Impingement syndrome is treated with physical therapy and usually caused by bad posture, repetitive stress, misalignment and a strength imbalance. Minor injuries can trigger the pain and popping and the favoring of the join after a minor sprain can make the issue worse.

If not treated, impingement can lead to far worse degenerative issues since the impingement gradually rubs and wears down the muscle, tendons and joints.

So go see a doc. The treatment isn’t that difficult or expensive, just takes a bit of time and dedication.

Thanks for all the thoughtful replies.
Over the few days since I first posted the popping has gone from 20-30 times a day to once or twice. There’s still some pain in certain positions. I’m getting a doctor’s appointment, but I’m crossing my fingers it’s bursitis.

I think the OP was asking why did this happen not asking for treatment. No idea if OP has money to see the doctor or where he is from.

Could be, but I don’t think (IIRC) that bursitis causes popping/subluxing. There’s something not holding the ball in the socket properly (your labrum). However, it doesn’t usually require surgery, just using the joint less, NSAIDS and ice. They can also drain it or give you a cotisone shot (which aren’t actually all that expensive, that I remember*). You might still want to see a family doctor to get a professional opinion and maybe some imaging. I remember asking my ortho what would happen if I put of my labrum repair and he said it was possible I could end up with early arthritis (don’t know why, didn’t research if it’s true, keep in mind he’s a surgeon/cutter…it’s just what he said).
*While I don’t remember my cortisone shots being all that expensive, I do remember that my GP wouldn’t do it. When I asked him why (he does tend to do a lot of stuff himself instead of farming everything out to specialists) he said that the shoulder is such a complicated area, it’s too easy for something to go wrong. In fact, when I got mine (3x) the ortho actually went in through through the front of my shoulder to hit the spot on the back due to all the nerves running through the back of the shoulder. It’s a long needle (it was probably about 5-6 inches long). Luckily it A)didn’t really hurt at all and B)I really don’t mind injections/shots/needles at all.

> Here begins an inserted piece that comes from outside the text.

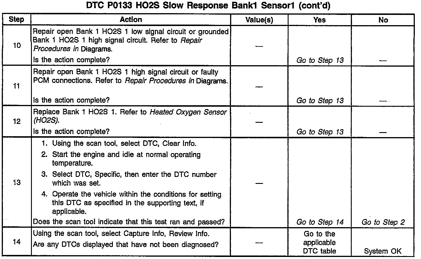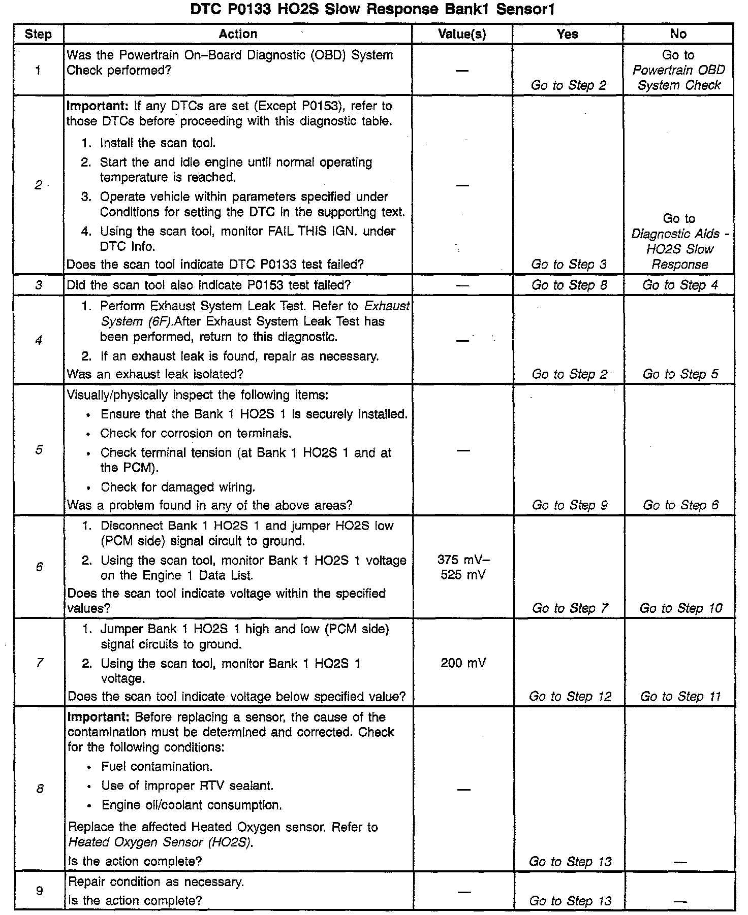 A lean to rich transition is determined when the HO2S voltage changes from less than 300 mV to greater than 600 mV. A rich to lean transition is determined when the HO2S voltage changes from more than 600 mV to less than 300 mV. An HO2S that responds too slowly is most likely defective and should be replaced.

*If you do get a cortisone shot you should read up on ‘cortisone flare’. When I had my first one, I felt great, almost immediately. The next day I was in enough pain that I was going to call into the office to see what was going on. Before I called, I did some Googling and found out about Cortisone Flare. Turns out that cortisone shots are almost always mixed with some kind of numbing agent, which is why it feels fine the first day. However, the cortisone can/will crystallize the next day which can cause some discomfort. I know it’s just another day at the office for the docs, they probably do 20 of them a day, but a quick ‘BTW, you might be in more pain tomorrow but it’ll pass by the next day’ would have saved me from a lot of worrying.
TLDR, go see your GP. I don’t know what kind of insurance you have, but if you have insurance with a deductible, and you do need surgery, you’d probably want to get it done this year so you only have to pay the remainder of your deductible. The sooner the better as well so you can get some PT in there too.